▶ **Task to complete**: Quote the lines below exactly, from the one that holds "Dane techniczne: Zlewozmywak: Rozmiar: 752x436x161" through the final line of the records, and only those.

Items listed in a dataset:
= = = = =

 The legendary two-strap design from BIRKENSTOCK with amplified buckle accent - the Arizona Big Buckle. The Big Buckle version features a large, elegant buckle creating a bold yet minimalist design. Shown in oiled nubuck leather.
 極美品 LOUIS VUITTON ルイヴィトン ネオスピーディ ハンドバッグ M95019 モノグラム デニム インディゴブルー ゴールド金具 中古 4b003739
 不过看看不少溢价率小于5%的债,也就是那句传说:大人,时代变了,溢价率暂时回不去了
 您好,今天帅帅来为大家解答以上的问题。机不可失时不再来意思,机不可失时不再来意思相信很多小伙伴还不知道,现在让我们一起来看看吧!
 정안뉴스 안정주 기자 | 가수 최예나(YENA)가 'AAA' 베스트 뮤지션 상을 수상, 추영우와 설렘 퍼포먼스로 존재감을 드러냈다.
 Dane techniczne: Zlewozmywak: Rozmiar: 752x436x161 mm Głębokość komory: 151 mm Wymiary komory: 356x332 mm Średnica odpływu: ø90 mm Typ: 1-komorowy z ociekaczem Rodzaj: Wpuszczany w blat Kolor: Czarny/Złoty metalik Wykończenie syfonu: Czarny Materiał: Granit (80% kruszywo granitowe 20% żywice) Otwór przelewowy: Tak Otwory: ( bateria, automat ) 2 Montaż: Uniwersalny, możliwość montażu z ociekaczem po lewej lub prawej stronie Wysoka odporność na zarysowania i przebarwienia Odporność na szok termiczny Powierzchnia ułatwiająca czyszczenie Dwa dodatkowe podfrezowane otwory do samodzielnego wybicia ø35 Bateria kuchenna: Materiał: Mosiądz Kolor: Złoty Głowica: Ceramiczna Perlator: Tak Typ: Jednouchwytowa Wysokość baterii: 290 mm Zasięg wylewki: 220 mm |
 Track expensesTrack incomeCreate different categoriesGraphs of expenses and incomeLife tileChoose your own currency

= = = = =

▶ **Solution to the problem**:
 Dane techniczne: Zlewozmywak: Rozmiar: 752x436x161 mm Głębokość komory: 151 mm Wymiary komory: 356x332 mm Średnica odpływu: ø90 mm Typ: 1-komorowy z ociekaczem Rodzaj: Wpuszczany w blat Kolor: Czarny/Złoty metalik Wykończenie syfonu: Czarny Materiał: Granit (80% kruszywo granitowe 20% żywice) Otwór przelewowy: Tak Otwory: ( bateria, automat ) 2 Montaż: Uniwersalny, możliwość montażu z ociekaczem po lewej lub prawej stronie Wysoka odporność na zarysowania i przebarwienia Odporność na szok termiczny Powierzchnia ułatwiająca czyszczenie Dwa dodatkowe podfrezowane otwory do samodzielnego wybicia ø35 Bateria kuchenna: Materiał: Mosiądz Kolor: Złoty Głowica: Ceramiczna Perlator: Tak Typ: Jednouchwytowa Wysokość baterii: 290 mm Zasięg wylewki: 220 mm |
 Track expensesTrack incomeCreate different categoriesGraphs of expenses and incomeLife tileChoose your own currency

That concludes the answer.